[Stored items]
- - -
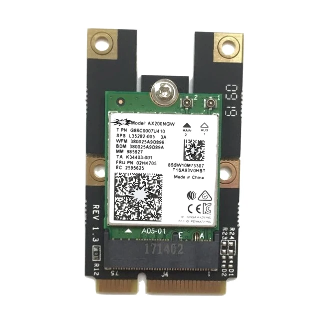 Carte Réseau Wi-fi 802.11ax, 6 Ax200, 2.4gbps, Intel 8265ngw/9260ac, M Type de réseau applicable : Gigabit Ethernet. Carte Wifi 6 Carte Réseau AX200 AX200NGW, M.2 NGFF, Wi‑Fi Et Bluetooth 5.0 Adaptateur Wifi Bluetooth Vitesse de transmission : 1300 Mbps Type : interne., Type : sans fil., Application : portable., Protocole sans fil : 802., 11ac Socket adaptateur : Mini PCI-E Type d'interface : NGFF Fréquence compatible Wi-Fi : 2,4 G et 5 G. La connexion inédite Intel Wi-Fi 6 AX200 est une solution Wi-Fi révolutionnaire permettant des téléchargements étonnamment rapides et une diffusion fluide grâce à une faible latence et une sécurité sans-fil extraordinaire AX200 AX200NGW Carte RéSeau M.2 NGFF Carte WiFi Bluetooth 5.0 WiFi 6 2... L'AX200NGW peut fournir une vitesse de téléchargement Gigabit1 et améliorer considérablement votre expérience connectée à la maison, au travail ou en déplacement. Numéro de produit : AX200NGW Couleur : vert Matériau : PCB En raison des différents lots, l'apparence et la couleur du produit peuvent varier, n'affecte pas l'utilisation Contenu de la livraison : 1 carte Wi-Fi. Vitesse jusqu'à 1730 Mbps (le routeur doit être à 160 MHz) ; le facteur de forme AX200 M. 2) : 22 x 30 mm Systèmes d'exploitation pris en charge : fonctionne uniquement sur x 64 bits, Remarque : non compatible avec Windows 7/8/8., 1., Le module prend en charge -MIMO, 2x2 canaux TX/RX avec antennes et Bluetooth 5., Non compatible avec les ordinateurs portables. La taille de l'article peut varier de +/- 1 à 3 cm. Trjgtas Double bande : 2,4 GHz/5 GHz (160 MHz)., Avec Bluetooth 5., 0, compatible avec -MIMO Interface : NGFF(M.
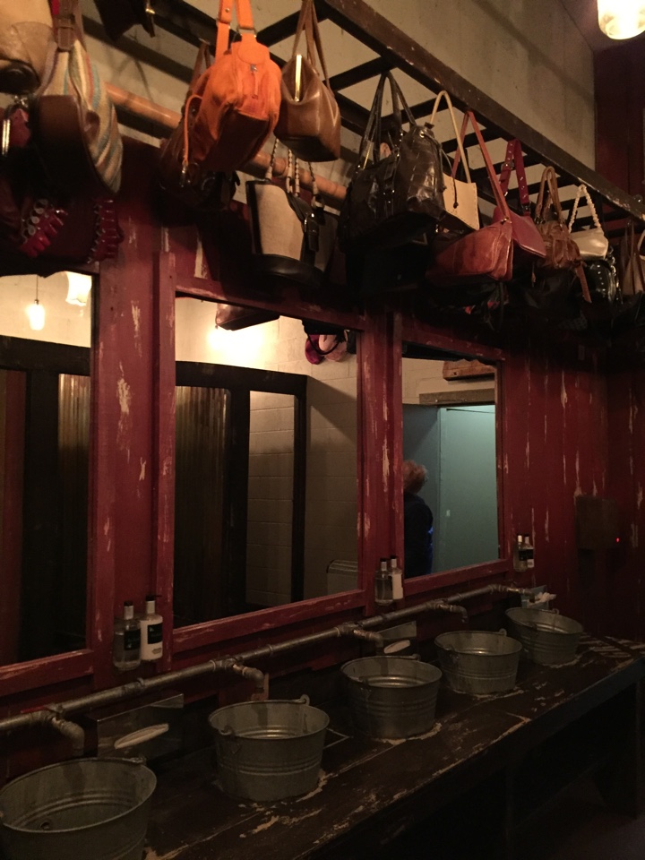 As if this all wasn’t enough, the true surprise is the toilets – corrugated iron separates the cubicles, the sinks are metal buckets plumbed into the walls and as you look up at the rows of handbags hanging from the ceiling, the real surprise hits you, there’s a full living room scene hanging above you.Now onto the important part, the food – they’ve just launched a new lunch menu, which we decided to give a go. There’s a good range of stuff on there from burgers and fries to ham hock sandwiches, and even a few sharing options such as ribs and wings which are great for a lighter lunch.
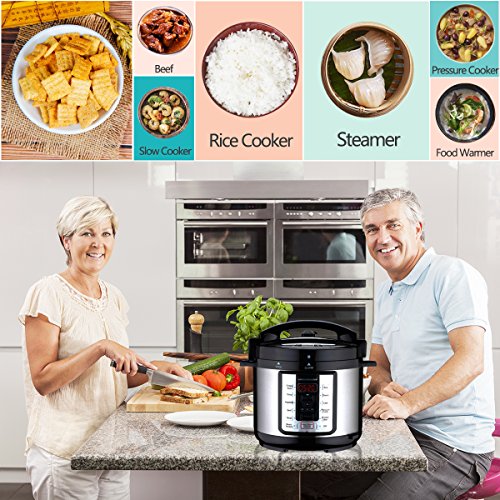 The Electric Pressure Cooker have a multi-functional nature, meeting your every cooking need. Time pre-setting and time selection functions make it super convenient for your cooking. Just pre-set the cooking time before sleeping, then you can get warm
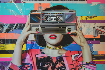 A retro cassette tape collage with vibrant, nostalgic colors.
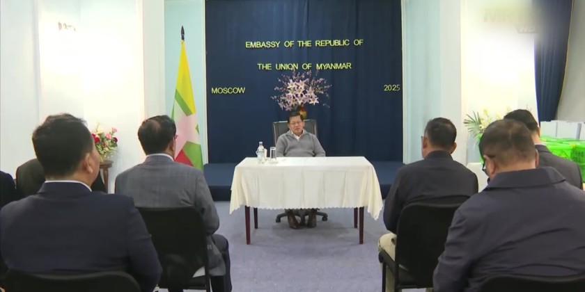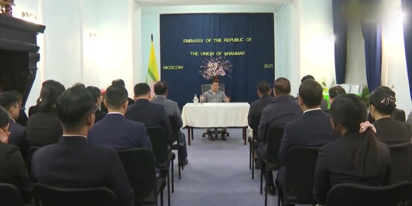 Acting President of the Republic of the Union of Myanmar, Chairman of the State Security and Peace Commission, Senior General Min Aung Hlaing, who is currently in the Russian Federation during his working visit, met families of the Myanmar Embassy to the Russian Federation, the Military Attaché’s office, and scholarship at the embassy trainees in the evening on September 26.
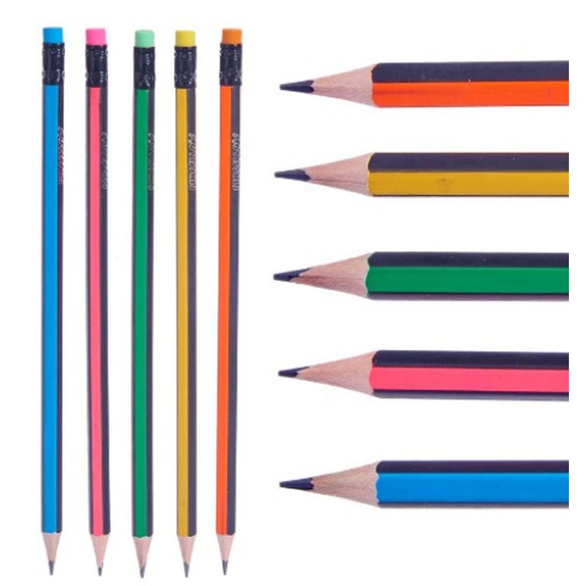 Pencil Set Pincello 473 Yellow Blue Green Multicolour Orange Stripes (12 Units) and be the envy of your colleagues!
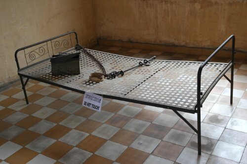 Some of the classrooms had been kept to their original size and were used to house dozens of prisoners lying on the floor, two rows meeting with their feet along the middle of the room from the back wall to the blackboard, feet shackled to an iron bar running the length of the room. The side walls were numbered, presumably each number representing a prisoner. No names or humanity allowed here.
- - -
• **TASK OBJECTIVE**
Could you write out exactly the lines of the data above that run from the one holding "The Electric Pressure" to the one holding "Pencil Set Pincello", with both ends in and all pictures out?

• **ANSWER TO THIS PROBLEM**
 The Electric Pressure Cooker have a multi-functional nature, meeting your every cooking need. Time pre-setting and time selection functions make it super convenient for your cooking. Just pre-set the cooking time before sleeping, then you can get warm
 A retro cassette tape collage with vibrant, nostalgic colors.
 Acting President of the Republic of the Union of Myanmar, Chairman of the State Security and Peace Commission, Senior General Min Aung Hlaing, who is currently in the Russian Federation during his working visit, met families of the Myanmar Embassy to the Russian Federation, the Military Attaché’s office, and scholarship at the embassy trainees in the evening on September 26.
 Pencil Set Pincello 473 Yellow Blue Green Multicolour Orange Stripes (12 Units) and be the envy of your colleagues!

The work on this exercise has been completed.